(Goal of the exercise): Every line from the top of the records below through the one containing "重庆保税直发 德国CONCORD康科德ULTIMAX.3儿童安全座椅 0-4岁 红色" must be copied exactly, and the pictures must not be.

(Dataset records)
--------------------

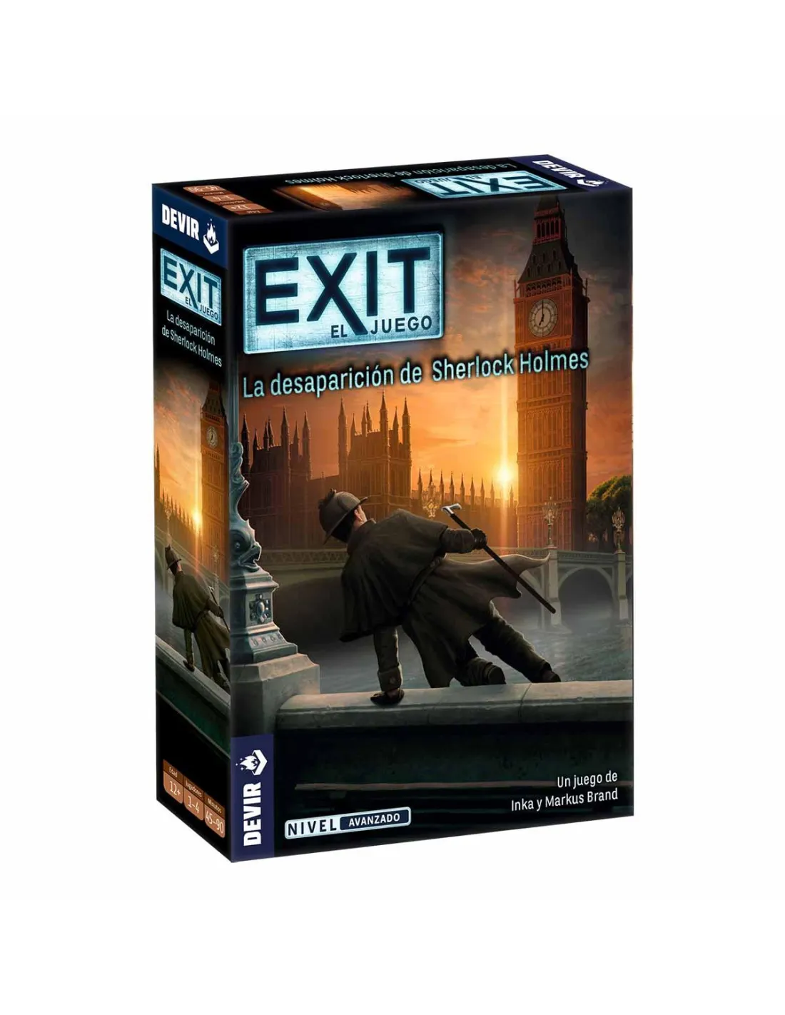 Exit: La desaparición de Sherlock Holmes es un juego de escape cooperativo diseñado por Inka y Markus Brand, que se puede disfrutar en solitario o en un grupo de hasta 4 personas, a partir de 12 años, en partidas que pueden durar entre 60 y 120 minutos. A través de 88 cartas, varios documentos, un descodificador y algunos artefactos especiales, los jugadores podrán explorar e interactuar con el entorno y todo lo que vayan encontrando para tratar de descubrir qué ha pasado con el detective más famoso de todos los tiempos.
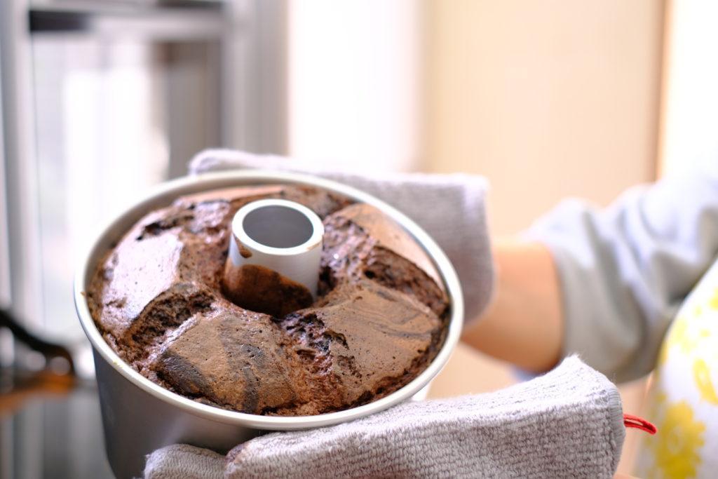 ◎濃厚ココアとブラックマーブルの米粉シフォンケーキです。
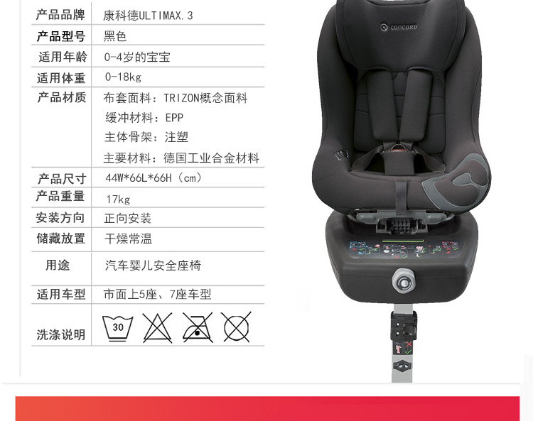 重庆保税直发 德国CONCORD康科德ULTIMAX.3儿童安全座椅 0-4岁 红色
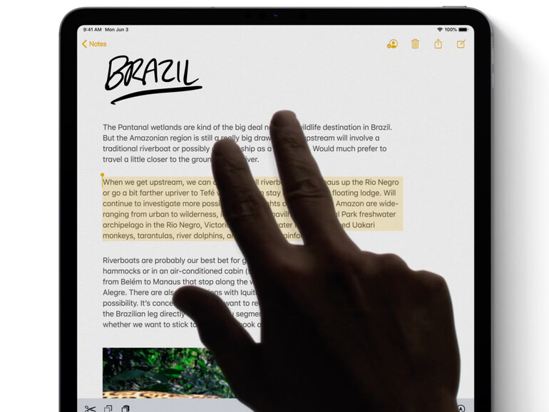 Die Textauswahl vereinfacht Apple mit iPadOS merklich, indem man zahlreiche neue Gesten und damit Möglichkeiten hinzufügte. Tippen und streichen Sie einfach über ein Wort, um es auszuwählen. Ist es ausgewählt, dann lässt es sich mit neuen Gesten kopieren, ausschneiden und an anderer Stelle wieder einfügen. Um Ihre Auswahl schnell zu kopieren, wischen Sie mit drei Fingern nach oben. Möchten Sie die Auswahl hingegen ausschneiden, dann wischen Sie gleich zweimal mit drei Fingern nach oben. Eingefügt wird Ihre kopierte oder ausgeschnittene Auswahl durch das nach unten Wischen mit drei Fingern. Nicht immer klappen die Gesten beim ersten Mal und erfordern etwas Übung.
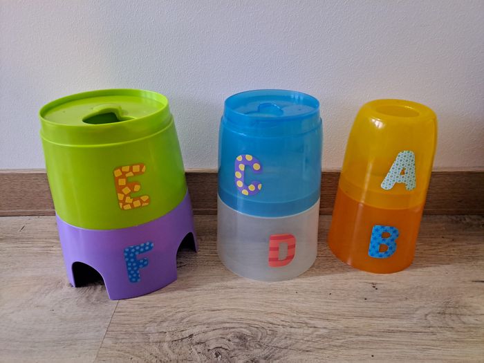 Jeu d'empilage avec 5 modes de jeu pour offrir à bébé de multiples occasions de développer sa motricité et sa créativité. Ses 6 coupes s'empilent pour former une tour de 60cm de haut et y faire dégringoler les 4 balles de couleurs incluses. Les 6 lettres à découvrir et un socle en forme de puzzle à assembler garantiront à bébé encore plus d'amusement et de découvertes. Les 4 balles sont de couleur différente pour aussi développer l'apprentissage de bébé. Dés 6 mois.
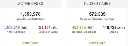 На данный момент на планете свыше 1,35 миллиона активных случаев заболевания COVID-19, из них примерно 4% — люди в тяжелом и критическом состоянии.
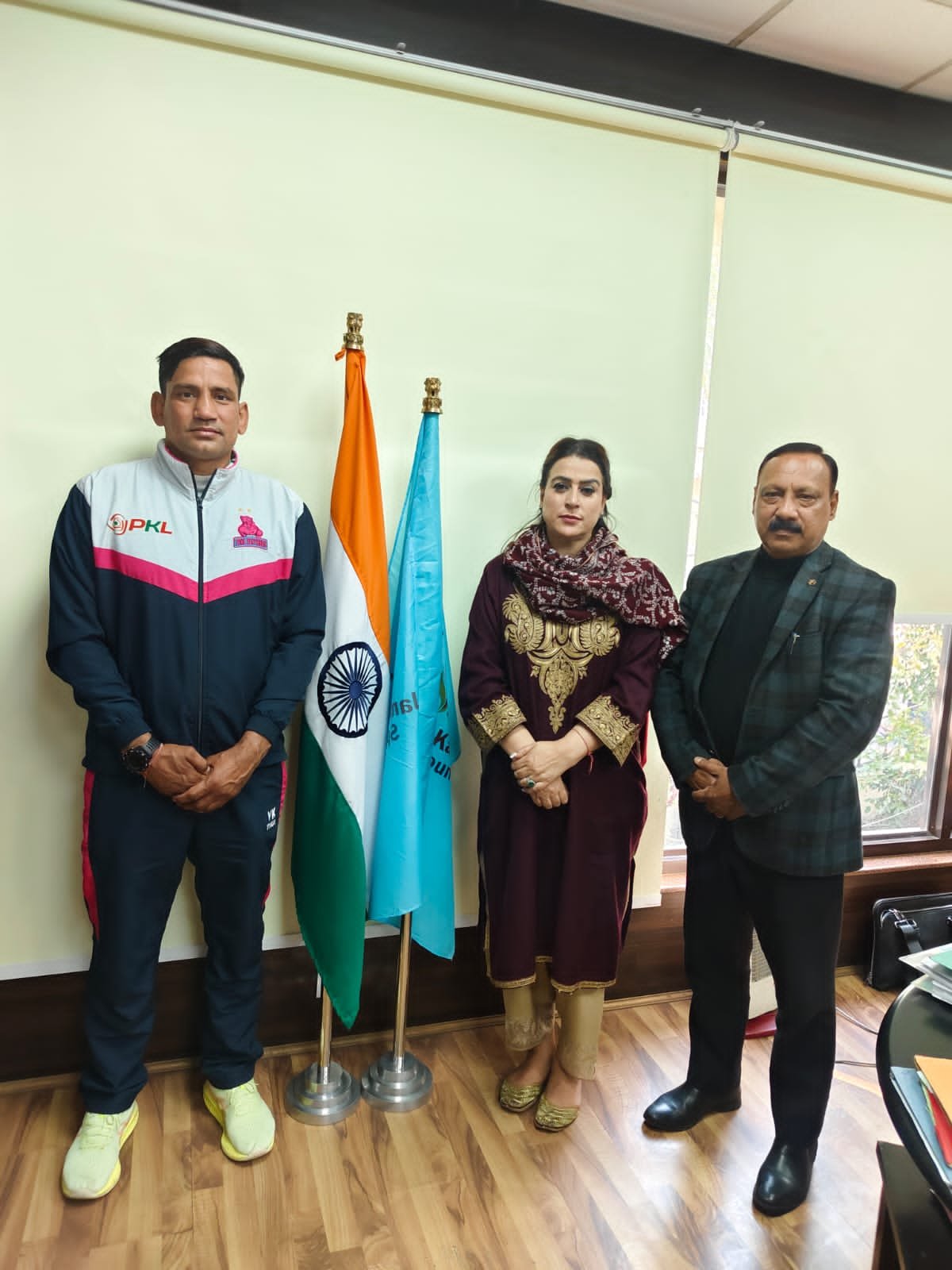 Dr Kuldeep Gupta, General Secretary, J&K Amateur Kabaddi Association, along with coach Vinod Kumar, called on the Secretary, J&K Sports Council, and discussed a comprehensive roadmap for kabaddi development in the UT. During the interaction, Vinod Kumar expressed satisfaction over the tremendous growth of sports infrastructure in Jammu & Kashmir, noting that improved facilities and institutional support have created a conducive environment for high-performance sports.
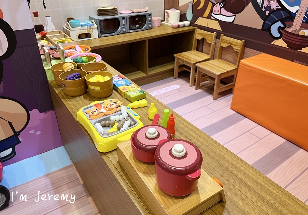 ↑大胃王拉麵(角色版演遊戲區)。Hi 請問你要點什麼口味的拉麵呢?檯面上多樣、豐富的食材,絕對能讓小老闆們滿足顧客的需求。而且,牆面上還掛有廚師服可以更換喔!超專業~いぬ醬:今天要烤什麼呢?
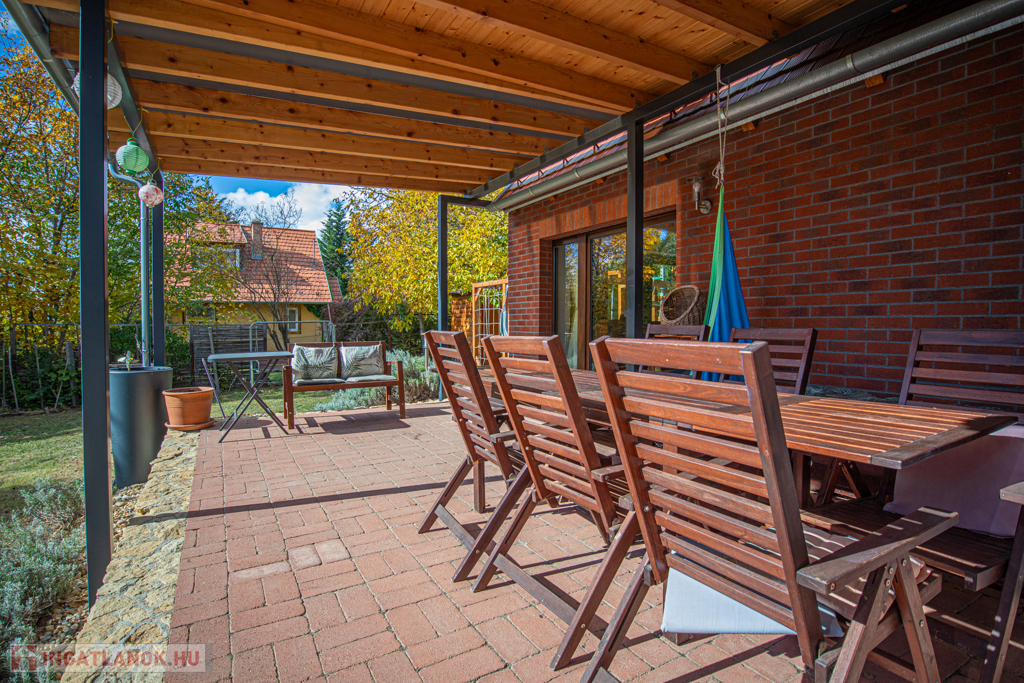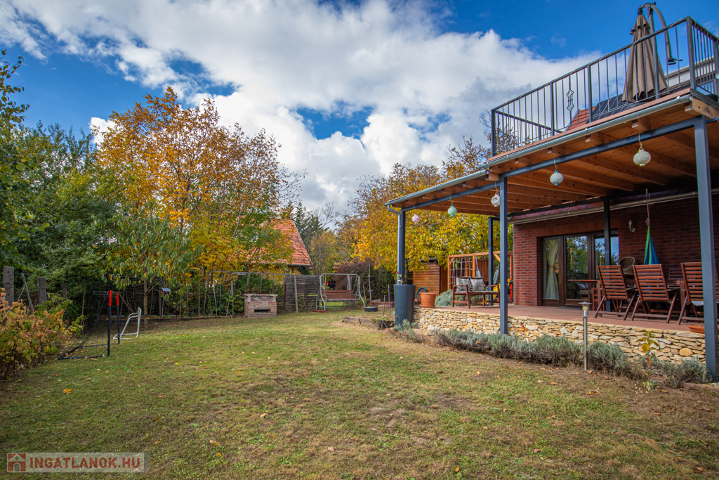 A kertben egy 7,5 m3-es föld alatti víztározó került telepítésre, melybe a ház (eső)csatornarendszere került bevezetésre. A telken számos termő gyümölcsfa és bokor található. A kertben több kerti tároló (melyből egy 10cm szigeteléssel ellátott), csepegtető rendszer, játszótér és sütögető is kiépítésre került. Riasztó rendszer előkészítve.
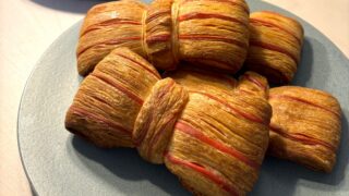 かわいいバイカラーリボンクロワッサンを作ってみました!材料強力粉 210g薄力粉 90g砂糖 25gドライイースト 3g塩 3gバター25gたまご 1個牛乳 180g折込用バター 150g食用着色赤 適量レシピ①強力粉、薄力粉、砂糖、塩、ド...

--------------------

(Response box):
 Exit: La desaparición de Sherlock Holmes es un juego de escape cooperativo diseñado por Inka y Markus Brand, que se puede disfrutar en solitario o en un grupo de hasta 4 personas, a partir de 12 años, en partidas que pueden durar entre 60 y 120 minutos. A través de 88 cartas, varios documentos, un descodificador y algunos artefactos especiales, los jugadores podrán explorar e interactuar con el entorno y todo lo que vayan encontrando para tratar de descubrir qué ha pasado con el detective más famoso de todos los tiempos.
 ◎濃厚ココアとブラックマーブルの米粉シフォンケーキです。
 重庆保税直发 德国CONCORD康科德ULTIMAX.3儿童安全座椅 0-4岁 红色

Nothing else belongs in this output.